If Ohio uses the NREMT as their State test, you will need to take that test.   You may also need to renew it each time to keep your State card.  You can not apply for your State card until you have taken the some exam that is mandated by your state.  Just passing the final exam in EMT class does not give you the green light to apply for a State card.  That is only one step of the process.

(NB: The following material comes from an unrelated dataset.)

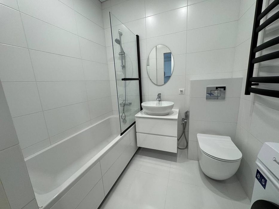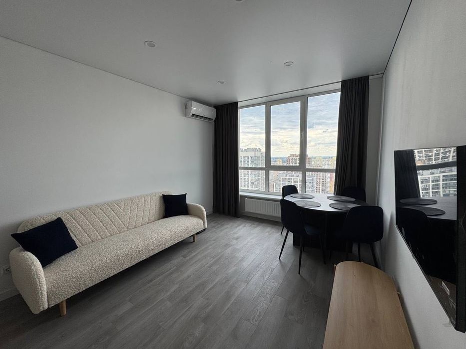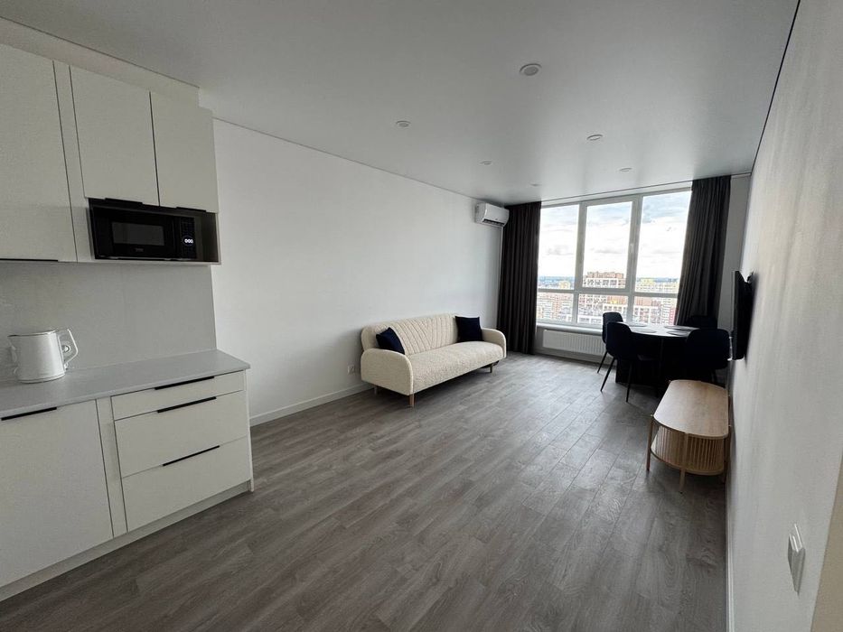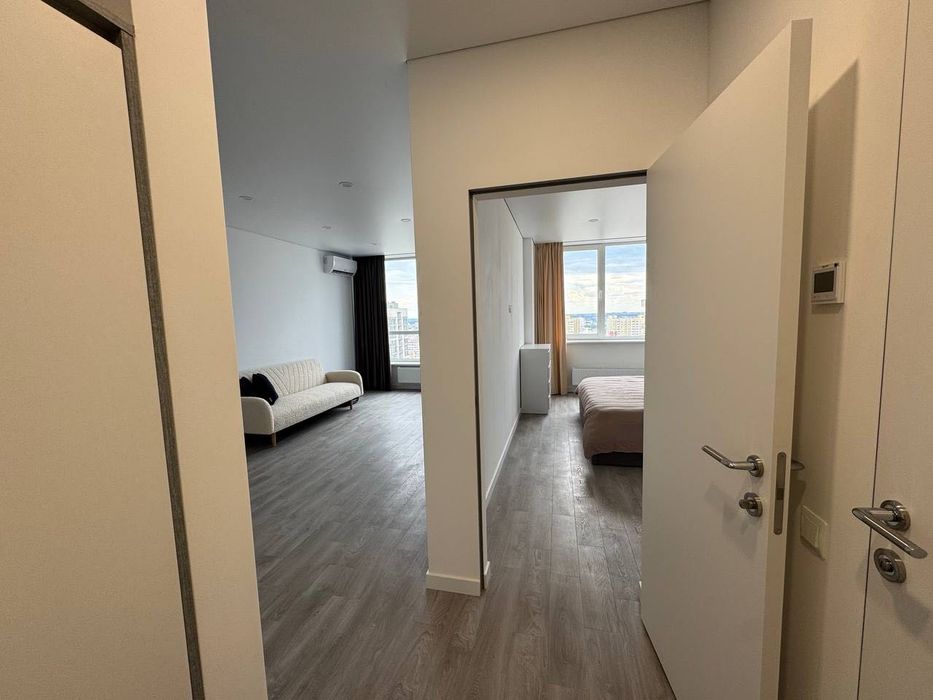 Здам свою світлу простору квартиру 1+1 (окрема спальня). Тільки після ремонту, ліжко 180*200, посудомийка, ванна, бойлер, пральна машина з сушкою, тепла підлога, кондиціонери в кожній кімнаті. Можна з тваринами. В будинку є генератор і працює ліфт під час відключень світла. Закрита територія двору, охорона, домофон, вся інфраструктура поряд з будинком.

I would hope your EMT class instructor had provided you with the information for the certification process.


----------



## Cincy53 (Jun 29, 2008)

I beleive in Ohio you have to pass NR to get your state card. Once you pass NR then you have to contact the state and they mail you a card. I'm actually in the process right now. But I know a lot of guys who run full time with fire departments who only renew their state card. My older brother is a paramedic/FF and tells me that the reason he doesn't renew his NR because he isn't going to run anywhere else. I know a lot of other guys who do the same thing. But I definitely believe you should have to pass the NR to receive your first set of cards.


----------



## reaper (Jun 29, 2008)

Can I give you a hint. No one knows where their life will take them. You say that you will only need a state cert, but how do you know that? Five years from now, you may want or need to move to another state. Then you will have to take NREMT all over again. Get it, keep it and leave your choices open.


----------



## ladyemt 215 (Jun 29, 2008)

I agree with the others.  Just get it--even if you never move.  I'm a just-in-case junkie. 

It's a good thing to have--won't hurt.


----------



## mikeylikesit (Jun 29, 2008)

State Cert you have to do the CBI and FBI printing and take the state test which you need to re-new every 3 years. i would take the NR just because though...you get a cool patch and everything.


----------



## Firemedic515 (Jun 30, 2008)

Cincy53 said:


> I beleive in Ohio you have to pass NR to get your state card. Once you pass NR then you have to contact the state and they mail you a card. I'm actually in the process right now. But I know a lot of guys who run full time with fire departments who only renew their state card. My older brother is a paramedic/FF and tells me that the reason he doesn't renew his NR because he isn't going to run anywhere else. I know a lot of other guys who do the same thing. But I definitely believe you should have to pass the NR to receive your first set of cards.



This is correct.  You must pass NR to obtain an OH state cert.  After you have your state cert, you are only required to maintain your state cert (40 hours of CE every 3 years).  I would strongly advise you to maintain both your NR and State cards.


----------



## gunner2927 (Jun 30, 2008)

well i just found out that i passed so i guess i dont have to worry about it anymore


----------